The lines to repeat are those below from the one containing "Vonóhorog bekötő szett" down to the one containing "в таблице 2.", both included; reproduce them exactly and nothing else.

*** Opening of Given entries ***

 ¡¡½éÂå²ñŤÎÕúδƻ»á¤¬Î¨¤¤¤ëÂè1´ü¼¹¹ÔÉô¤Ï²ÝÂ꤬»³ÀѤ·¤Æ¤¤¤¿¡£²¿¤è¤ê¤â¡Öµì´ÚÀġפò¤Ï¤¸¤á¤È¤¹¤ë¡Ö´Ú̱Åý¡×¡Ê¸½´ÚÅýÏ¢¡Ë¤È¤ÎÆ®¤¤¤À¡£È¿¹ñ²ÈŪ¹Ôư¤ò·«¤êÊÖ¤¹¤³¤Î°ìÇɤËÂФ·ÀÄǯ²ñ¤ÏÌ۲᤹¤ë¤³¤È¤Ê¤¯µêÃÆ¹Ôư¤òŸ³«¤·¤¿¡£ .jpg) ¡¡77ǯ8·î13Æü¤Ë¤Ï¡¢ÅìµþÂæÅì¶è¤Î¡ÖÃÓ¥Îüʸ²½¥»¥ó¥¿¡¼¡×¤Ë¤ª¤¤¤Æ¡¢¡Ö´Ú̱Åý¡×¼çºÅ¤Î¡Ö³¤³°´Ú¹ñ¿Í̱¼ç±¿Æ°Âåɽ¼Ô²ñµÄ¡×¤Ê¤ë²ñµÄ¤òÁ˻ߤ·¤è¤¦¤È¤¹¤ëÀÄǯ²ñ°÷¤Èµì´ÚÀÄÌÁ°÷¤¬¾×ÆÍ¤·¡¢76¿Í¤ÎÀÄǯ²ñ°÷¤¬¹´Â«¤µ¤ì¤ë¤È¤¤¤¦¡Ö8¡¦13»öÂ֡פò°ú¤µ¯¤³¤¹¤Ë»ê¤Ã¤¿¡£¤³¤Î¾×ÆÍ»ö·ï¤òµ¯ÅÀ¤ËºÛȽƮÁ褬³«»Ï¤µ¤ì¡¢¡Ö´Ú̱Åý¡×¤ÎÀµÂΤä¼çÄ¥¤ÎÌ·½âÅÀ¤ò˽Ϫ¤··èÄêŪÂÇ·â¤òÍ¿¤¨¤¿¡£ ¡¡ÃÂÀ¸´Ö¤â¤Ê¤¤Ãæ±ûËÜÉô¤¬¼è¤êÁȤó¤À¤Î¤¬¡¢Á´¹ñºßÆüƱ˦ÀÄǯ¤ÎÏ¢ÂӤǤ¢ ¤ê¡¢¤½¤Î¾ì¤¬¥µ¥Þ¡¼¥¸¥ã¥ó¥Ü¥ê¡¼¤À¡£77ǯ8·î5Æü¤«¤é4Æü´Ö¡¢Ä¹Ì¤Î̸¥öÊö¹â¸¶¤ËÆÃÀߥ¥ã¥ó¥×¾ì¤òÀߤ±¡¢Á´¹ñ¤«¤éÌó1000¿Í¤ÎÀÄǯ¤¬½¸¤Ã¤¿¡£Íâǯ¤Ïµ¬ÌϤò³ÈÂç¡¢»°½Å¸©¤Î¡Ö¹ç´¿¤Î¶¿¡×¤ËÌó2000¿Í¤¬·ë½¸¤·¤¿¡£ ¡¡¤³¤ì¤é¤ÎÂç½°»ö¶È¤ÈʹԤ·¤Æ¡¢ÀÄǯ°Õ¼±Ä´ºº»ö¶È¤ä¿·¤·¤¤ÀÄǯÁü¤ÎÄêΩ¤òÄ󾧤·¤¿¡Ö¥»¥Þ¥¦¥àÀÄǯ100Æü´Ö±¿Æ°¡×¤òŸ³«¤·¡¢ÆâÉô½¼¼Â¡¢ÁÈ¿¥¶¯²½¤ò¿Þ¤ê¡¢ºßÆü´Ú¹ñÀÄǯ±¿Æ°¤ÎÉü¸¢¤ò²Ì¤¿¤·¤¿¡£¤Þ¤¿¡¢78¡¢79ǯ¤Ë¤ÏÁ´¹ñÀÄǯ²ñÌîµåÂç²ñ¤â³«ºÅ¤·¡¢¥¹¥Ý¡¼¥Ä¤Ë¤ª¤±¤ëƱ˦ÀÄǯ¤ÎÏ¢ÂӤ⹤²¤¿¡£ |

*** Close of Given entries ***
*** Opening of Given entries ***

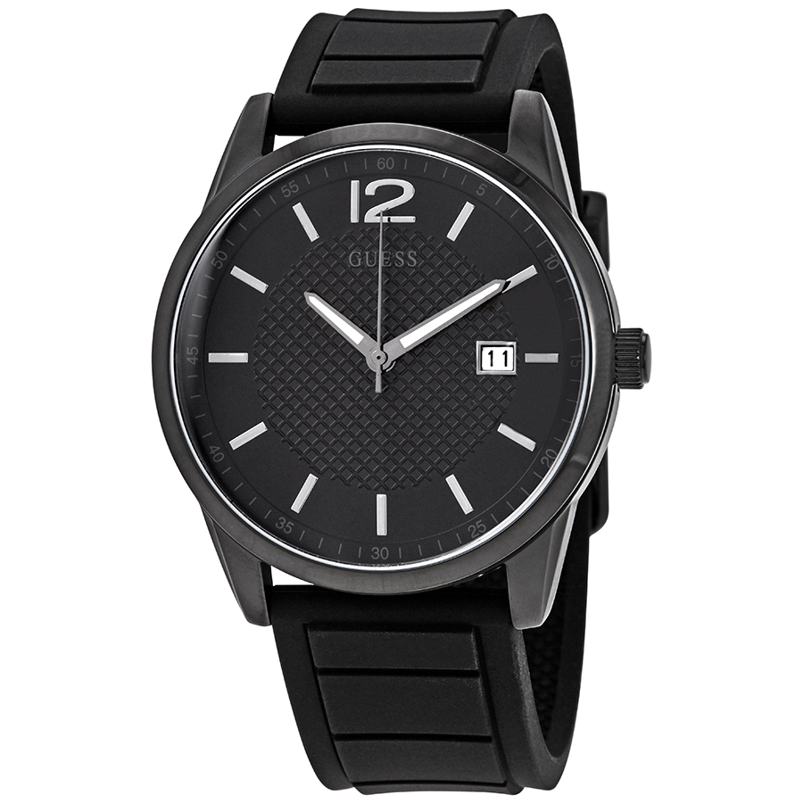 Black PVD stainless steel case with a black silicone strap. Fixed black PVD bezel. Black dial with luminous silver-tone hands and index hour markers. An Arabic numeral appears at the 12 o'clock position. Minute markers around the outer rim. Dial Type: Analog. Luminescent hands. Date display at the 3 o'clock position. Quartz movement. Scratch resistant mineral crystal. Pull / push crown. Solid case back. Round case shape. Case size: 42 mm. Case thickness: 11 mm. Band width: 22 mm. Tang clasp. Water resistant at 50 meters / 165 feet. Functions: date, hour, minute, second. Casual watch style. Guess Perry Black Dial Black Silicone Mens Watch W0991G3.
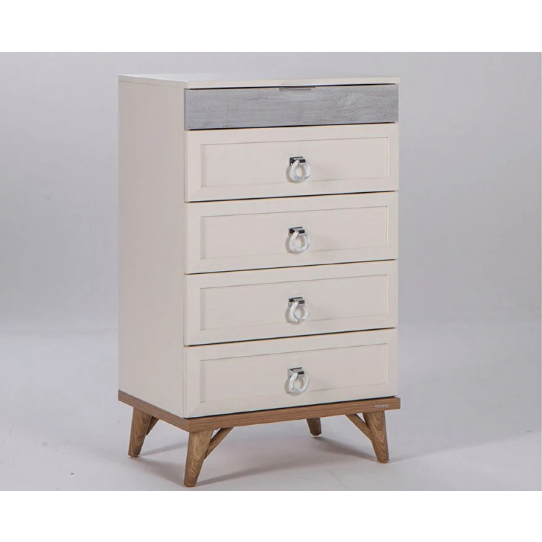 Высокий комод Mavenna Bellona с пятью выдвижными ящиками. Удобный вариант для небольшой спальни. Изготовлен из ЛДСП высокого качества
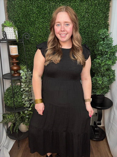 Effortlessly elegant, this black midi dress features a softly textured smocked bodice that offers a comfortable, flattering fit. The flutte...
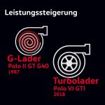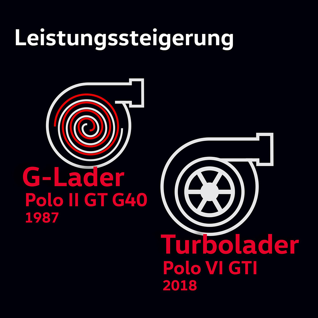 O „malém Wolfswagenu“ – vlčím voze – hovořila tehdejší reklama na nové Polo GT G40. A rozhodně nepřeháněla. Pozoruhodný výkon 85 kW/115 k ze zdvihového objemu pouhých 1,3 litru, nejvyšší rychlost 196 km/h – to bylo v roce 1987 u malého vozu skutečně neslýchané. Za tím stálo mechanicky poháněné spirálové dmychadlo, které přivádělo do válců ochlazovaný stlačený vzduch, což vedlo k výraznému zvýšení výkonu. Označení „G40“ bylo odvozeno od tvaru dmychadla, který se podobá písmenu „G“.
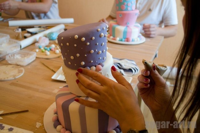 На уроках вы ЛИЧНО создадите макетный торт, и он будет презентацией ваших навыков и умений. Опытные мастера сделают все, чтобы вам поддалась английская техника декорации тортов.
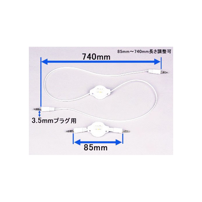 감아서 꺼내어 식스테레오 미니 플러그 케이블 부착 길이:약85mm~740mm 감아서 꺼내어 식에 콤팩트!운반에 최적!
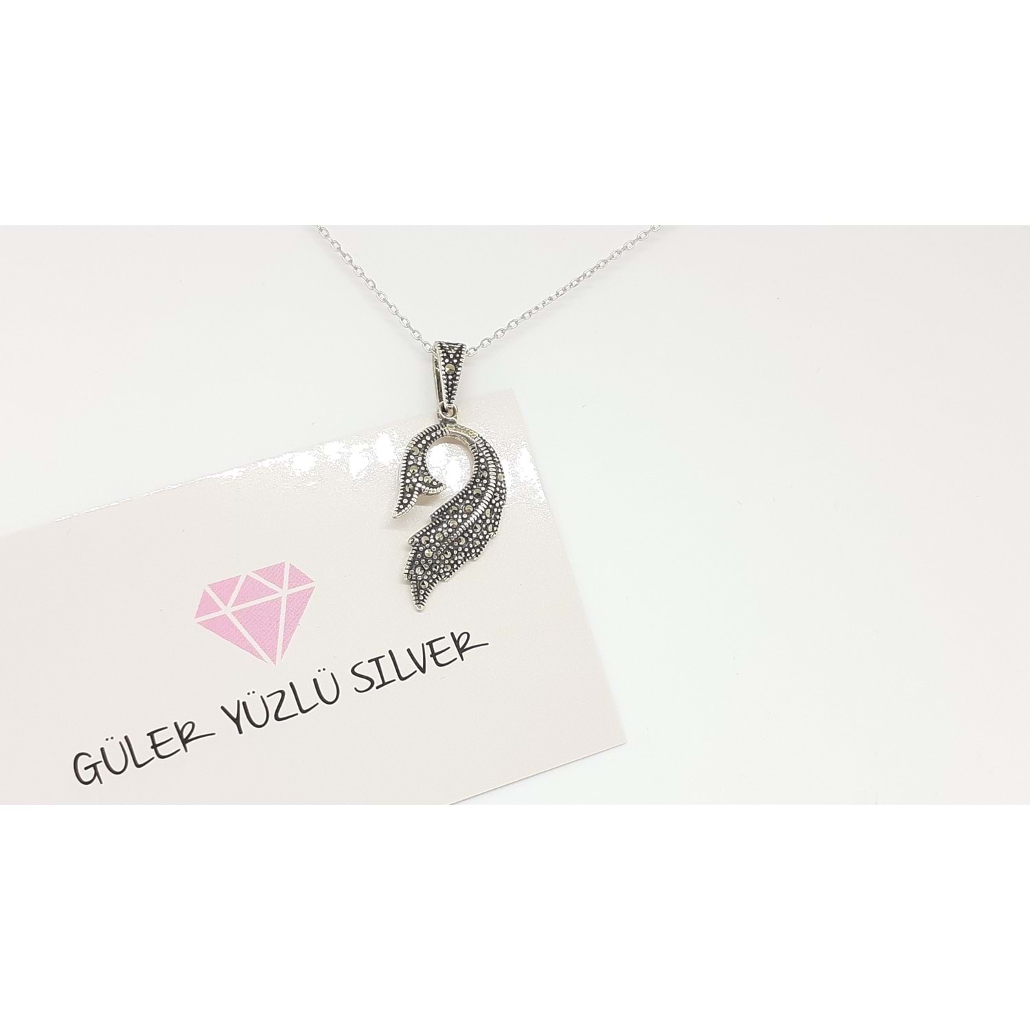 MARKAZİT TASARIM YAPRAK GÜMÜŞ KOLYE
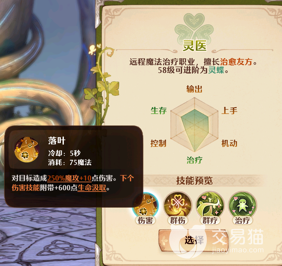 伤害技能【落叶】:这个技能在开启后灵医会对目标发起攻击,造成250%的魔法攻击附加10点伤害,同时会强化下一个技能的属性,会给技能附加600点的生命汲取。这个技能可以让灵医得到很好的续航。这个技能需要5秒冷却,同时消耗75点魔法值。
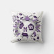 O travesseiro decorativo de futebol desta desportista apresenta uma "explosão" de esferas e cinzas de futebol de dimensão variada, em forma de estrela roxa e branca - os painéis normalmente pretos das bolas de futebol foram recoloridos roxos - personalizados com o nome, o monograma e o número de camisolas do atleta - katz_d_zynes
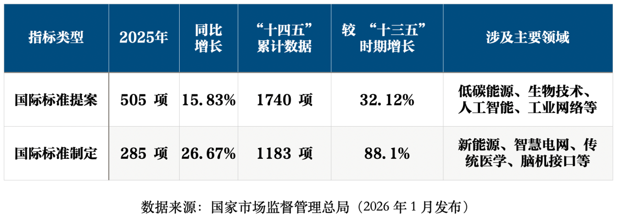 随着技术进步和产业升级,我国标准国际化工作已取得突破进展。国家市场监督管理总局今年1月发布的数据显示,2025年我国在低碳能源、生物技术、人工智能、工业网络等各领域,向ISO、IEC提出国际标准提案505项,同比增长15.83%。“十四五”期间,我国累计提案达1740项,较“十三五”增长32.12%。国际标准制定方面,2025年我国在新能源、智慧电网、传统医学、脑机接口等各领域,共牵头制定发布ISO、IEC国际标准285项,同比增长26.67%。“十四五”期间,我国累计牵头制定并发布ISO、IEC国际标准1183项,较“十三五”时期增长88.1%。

*** Close of Given entries ***
*** Opening of Given entries ***

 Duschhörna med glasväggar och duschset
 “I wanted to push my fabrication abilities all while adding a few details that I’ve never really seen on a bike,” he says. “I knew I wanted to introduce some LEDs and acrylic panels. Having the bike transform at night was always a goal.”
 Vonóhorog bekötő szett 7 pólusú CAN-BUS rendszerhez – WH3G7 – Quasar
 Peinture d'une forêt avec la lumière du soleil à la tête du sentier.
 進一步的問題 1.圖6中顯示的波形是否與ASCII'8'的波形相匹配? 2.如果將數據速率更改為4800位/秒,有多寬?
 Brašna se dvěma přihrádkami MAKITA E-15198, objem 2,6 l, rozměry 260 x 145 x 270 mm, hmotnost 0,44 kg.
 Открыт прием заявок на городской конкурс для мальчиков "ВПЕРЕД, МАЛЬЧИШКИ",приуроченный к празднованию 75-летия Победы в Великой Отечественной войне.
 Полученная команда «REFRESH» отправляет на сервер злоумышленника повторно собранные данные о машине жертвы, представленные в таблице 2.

*** Close of Given entries ***

Written reply →
 Vonóhorog bekötő szett 7 pólusú CAN-BUS rendszerhez – WH3G7 – Quasar
 Peinture d'une forêt avec la lumière du soleil à la tête du sentier.
 進一步的問題 1.圖6中顯示的波形是否與ASCII'8'的波形相匹配? 2.如果將數據速率更改為4800位/秒,有多寬?
 Brašna se dvěma přihrádkami MAKITA E-15198, objem 2,6 l, rozměry 260 x 145 x 270 mm, hmotnost 0,44 kg.
 Открыт прием заявок на городской конкурс для мальчиков "ВПЕРЕД, МАЛЬЧИШКИ",приуроченный к празднованию 75-летия Победы в Великой Отечественной войне.
 Полученная команда «REFRESH» отправляет на сервер злоумышленника повторно собранные данные о машине жертвы, представленные в таблице 2.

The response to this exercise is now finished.